Hand back every line from the beginning of the data below through the line containing "8.3畳 、洋室 2.7畳 |", word for word and free of pictures.

Source data:
_ _ _ _ _

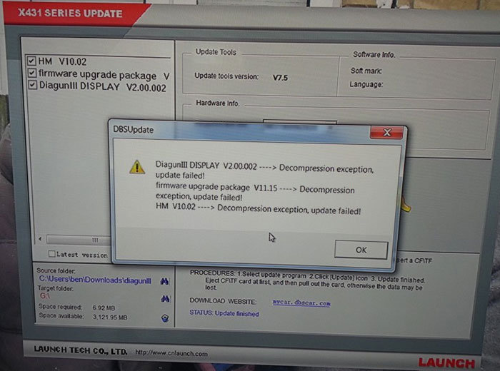 Lorsque vous mettez à jour le lancement x431 iii , il vous invite à jour fichier a échoué , tout comme cette photo :
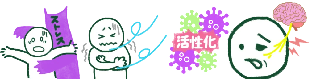多くの方が子供の頃に口唇ヘルペスの原因となるこのウイルスに感染し、その後ウイルスは顔面神経の付け根にある「膝神経節(しつしんけいせつ)」という場所に静かに潜伏します。そして、過労やストレス、寒冷な場所への暴露などを引き金に、免疫力が低下したタイミングでウイルスが再び活動を始めてしまうのです。
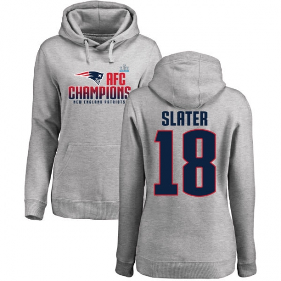 >Women's Nike New England Patriots #18 Matthew Slater Heather Gray 2017 AFC Champions Pullover Hoodie
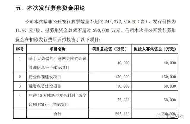 而经过与监管部门的五次拉锯战后的定增方案,从项目投向来看,为了达到过会目的,中科新材硬生生把与金融相关的项目打掉咽进肚里,说不出来了,筹资规模也小的可怜,是并购方案1.0版本的零头。
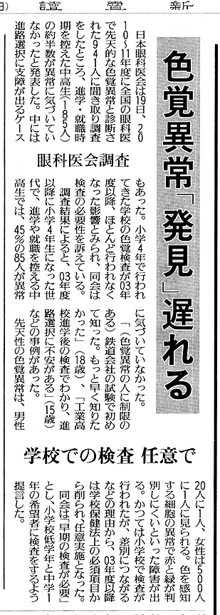 日本眼科医会は19日、2010〜11年度に全国の眼科医で先天的な色覚異常と診断された941人に聞き取り調査をしたところ、進学・就職時期を控えた中高生(185人)の約半数が異常に気づいていなかったと発表した。中には進路選択に支障が出るケースもあった。小学4年で行われてきた学校の色覚検査が03年以降、ほとんど行われなくなった影響と見られ、同会は検査の必要性を訴えている。
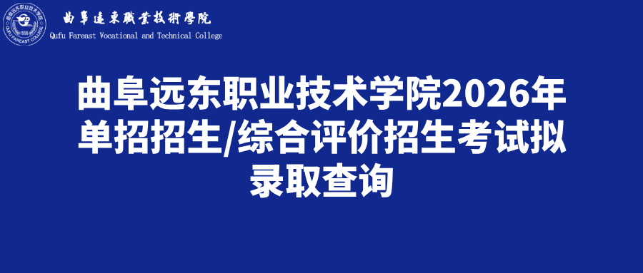 曲阜远东职业技术学院 关于2026年单独考试招生和综合评价招生拟录取查询公告
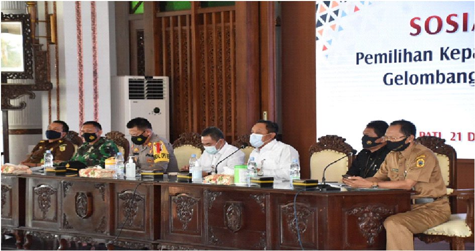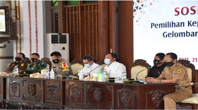 PATI.NEWSMETRO.CO – Hadiri Sosialisasi Pemilihan Kepala Desa (Pilkades) Serentak Gelombang 1 Tahun 2021 di Pendopo Setda Kabupaten Pati, Senin (21/12), Bupati Pati Haryanto bersama Wakil Bupati Pati Saiful Arifin (Safin), menyampaikan regulasi terkait pelaksanaan Pilkades serentak di tengah pandemi.
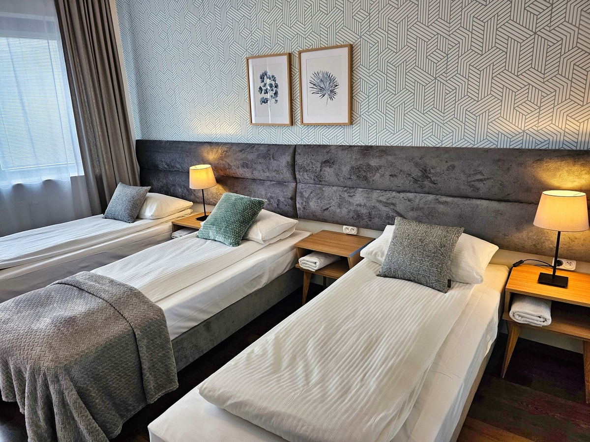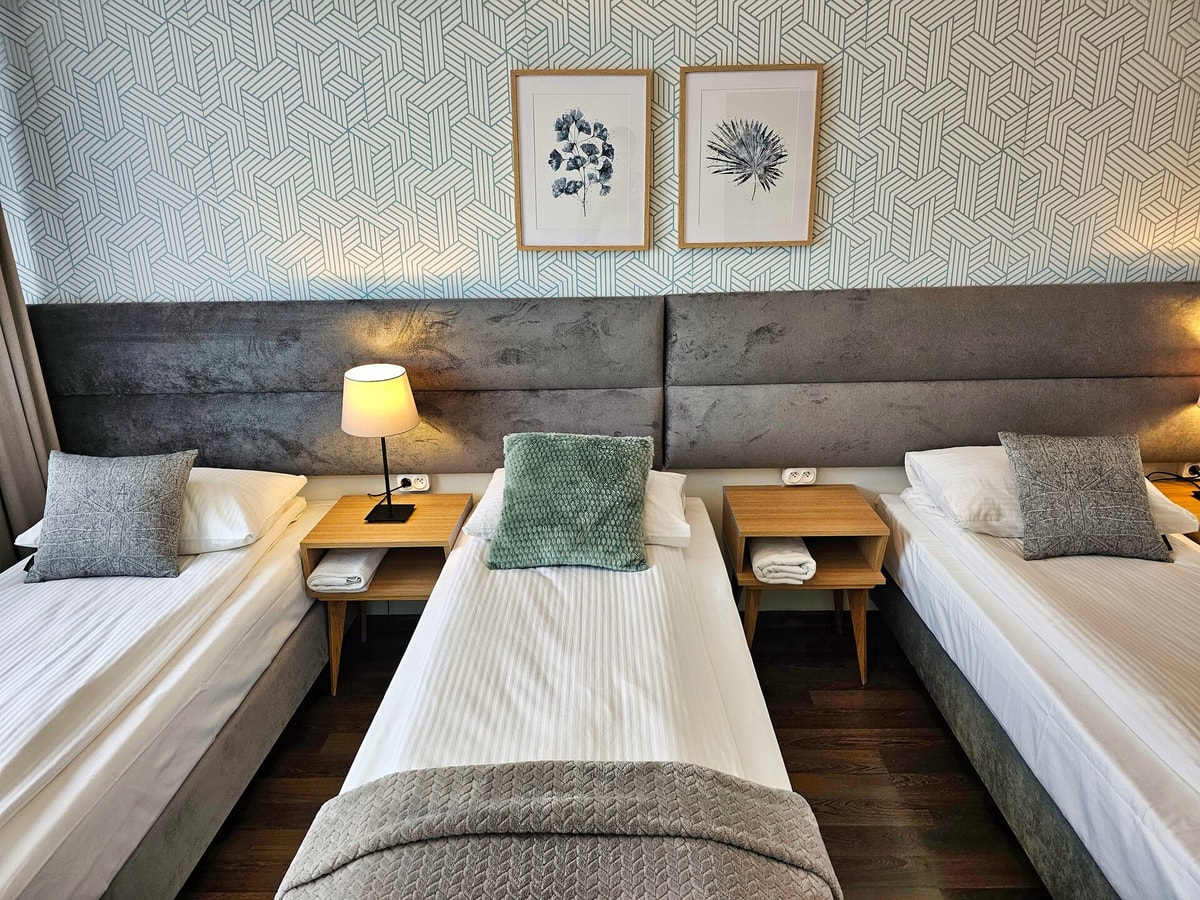 The apartment consists of a large living room with two beds and a sleeping sofa with balcony, separate kitchen, separate two bedrooms, bathroom, toilet
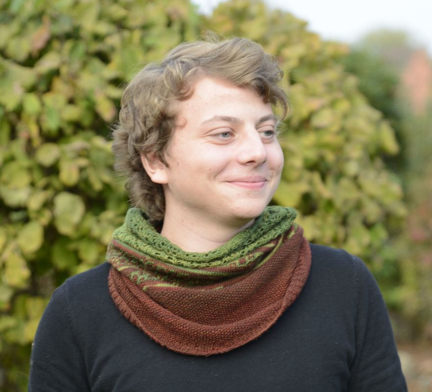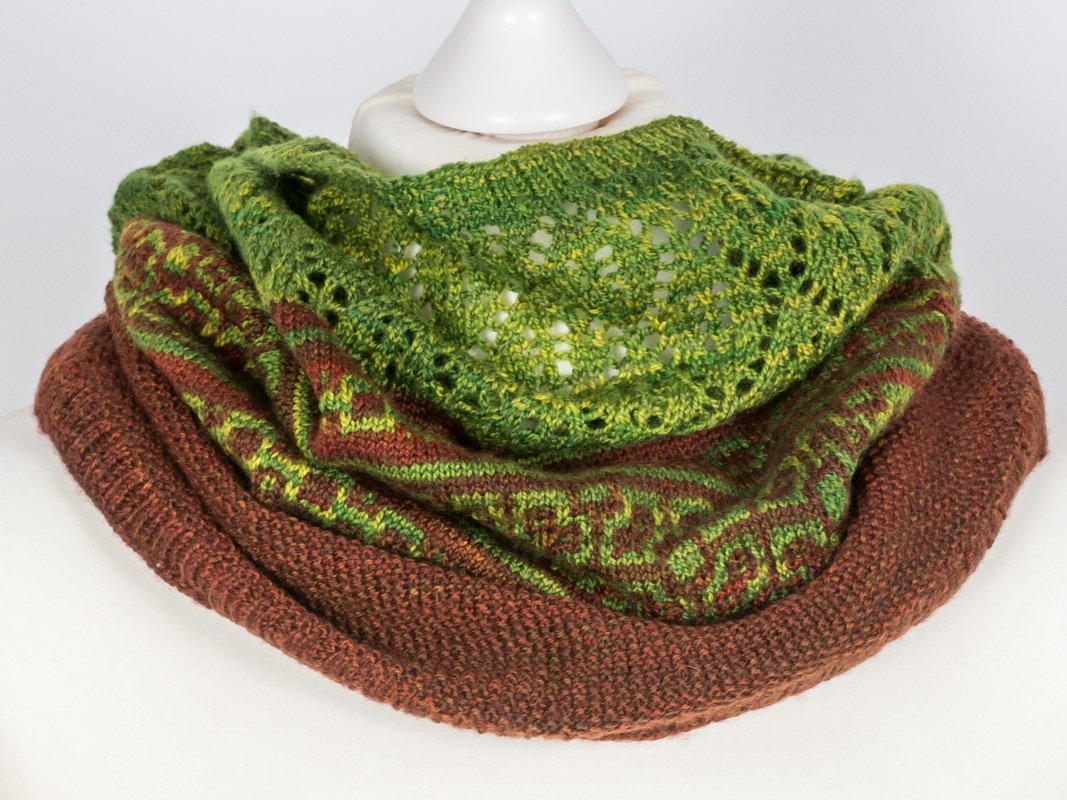 Der Loop wird in Runden gearbeitet, das Farbmuster wird in der Mosaik-Technik gestrickt, es wird immer
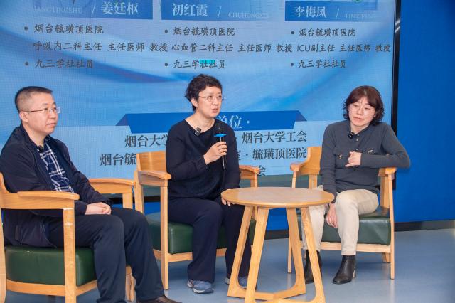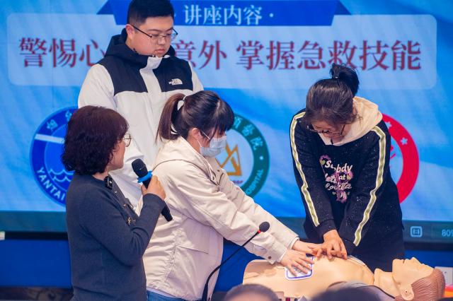 为普及健康知识,倡导健康生活方式,提高师生自我防护意识与应急处置能力,3月29日,九三学社医疗专家医学健康科普校园行2026年公益讲座第一站走进我校。九三学社社员、烟台毓璜顶医院心血管二科主任初红霞教授、呼吸内二科主任姜廷枢教授、ICU副主任李梅凤教授为师生开展了一场兼具专业性与实用性的健康公益讲座和实操培训,活动同步开启线上直播。九三学社烟台市委会副主委张桂德、烟台大学党委常委、统战部部长毕朝辉出席,校工会主要负责人及师生代表参加活动。
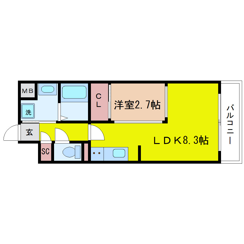 | 間取り詳細 | LDK 8.3畳 、洋室 2.7畳 |
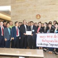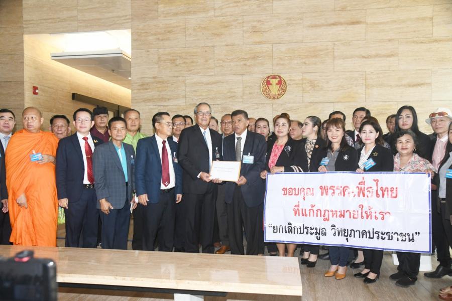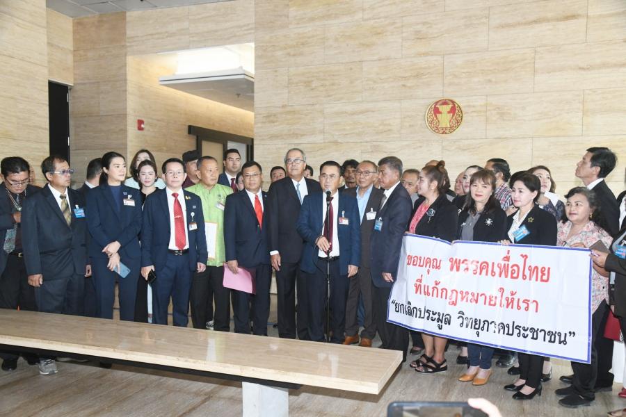 นายชูศักดิ์ ศิรินิล สส.พรรคเพื่อไทย ในฐานะรักษาการหัวหน้าพรรคเพื่อไทย พร้อมด้วย นายอดิศร เพียงเกษ ประธานกรรมการประสานงานสภาผู้แทนราษฎร (วิปรัฐบาล) และ สส.พรรคเพื่อไทย รับยื่นหนังสือจาก นายวรพจน์ ลัภโต ประธานชมรมผู้ประกอบกิจการวิทยุกระจายเสียงภาคประชาชน เพื่อให้ดำเนินการแก้ไขกฎหมาย ยกเลิกการประมูลคลื่นความถี่สำหรับผู้ทดลองออกอากาศ (วิทยุชุมชน) ประเภทธุรกิจ

_ _ _ _ _

- SOLUTION TO THIS TASK
 Lorsque vous mettez à jour le lancement x431 iii , il vous invite à jour fichier a échoué , tout comme cette photo :
多くの方が子供の頃に口唇ヘルペスの原因となるこのウイルスに感染し、その後ウイルスは顔面神経の付け根にある「膝神経節(しつしんけいせつ)」という場所に静かに潜伏します。そして、過労やストレス、寒冷な場所への暴露などを引き金に、免疫力が低下したタイミングでウイルスが再び活動を始めてしまうのです。
 >Women's Nike New England Patriots #18 Matthew Slater Heather Gray 2017 AFC Champions Pullover Hoodie
 而经过与监管部门的五次拉锯战后的定增方案,从项目投向来看,为了达到过会目的,中科新材硬生生把与金融相关的项目打掉咽进肚里,说不出来了,筹资规模也小的可怜,是并购方案1.0版本的零头。
 日本眼科医会は19日、2010〜11年度に全国の眼科医で先天的な色覚異常と診断された941人に聞き取り調査をしたところ、進学・就職時期を控えた中高生(185人)の約半数が異常に気づいていなかったと発表した。中には進路選択に支障が出るケースもあった。小学4年で行われてきた学校の色覚検査が03年以降、ほとんど行われなくなった影響と見られ、同会は検査の必要性を訴えている。
 曲阜远东职业技术学院 关于2026年单独考试招生和综合评价招生拟录取查询公告
 PATI.NEWSMETRO.CO – Hadiri Sosialisasi Pemilihan Kepala Desa (Pilkades) Serentak Gelombang 1 Tahun 2021 di Pendopo Setda Kabupaten Pati, Senin (21/12), Bupati Pati Haryanto bersama Wakil Bupati Pati Saiful Arifin (Safin), menyampaikan regulasi terkait pelaksanaan Pilkades serentak di tengah pandemi.
 The apartment consists of a large living room with two beds and a sleeping sofa with balcony, separate kitchen, separate two bedrooms, bathroom, toilet
 Der Loop wird in Runden gearbeitet, das Farbmuster wird in der Mosaik-Technik gestrickt, es wird immer
 为普及健康知识,倡导健康生活方式,提高师生自我防护意识与应急处置能力,3月29日,九三学社医疗专家医学健康科普校园行2026年公益讲座第一站走进我校。九三学社社员、烟台毓璜顶医院心血管二科主任初红霞教授、呼吸内二科主任姜廷枢教授、ICU副主任李梅凤教授为师生开展了一场兼具专业性与实用性的健康公益讲座和实操培训,活动同步开启线上直播。九三学社烟台市委会副主委张桂德、烟台大学党委常委、统战部部长毕朝辉出席,校工会主要负责人及师生代表参加活动。
 | 間取り詳細 | LDK 8.3畳 、洋室 2.7畳 |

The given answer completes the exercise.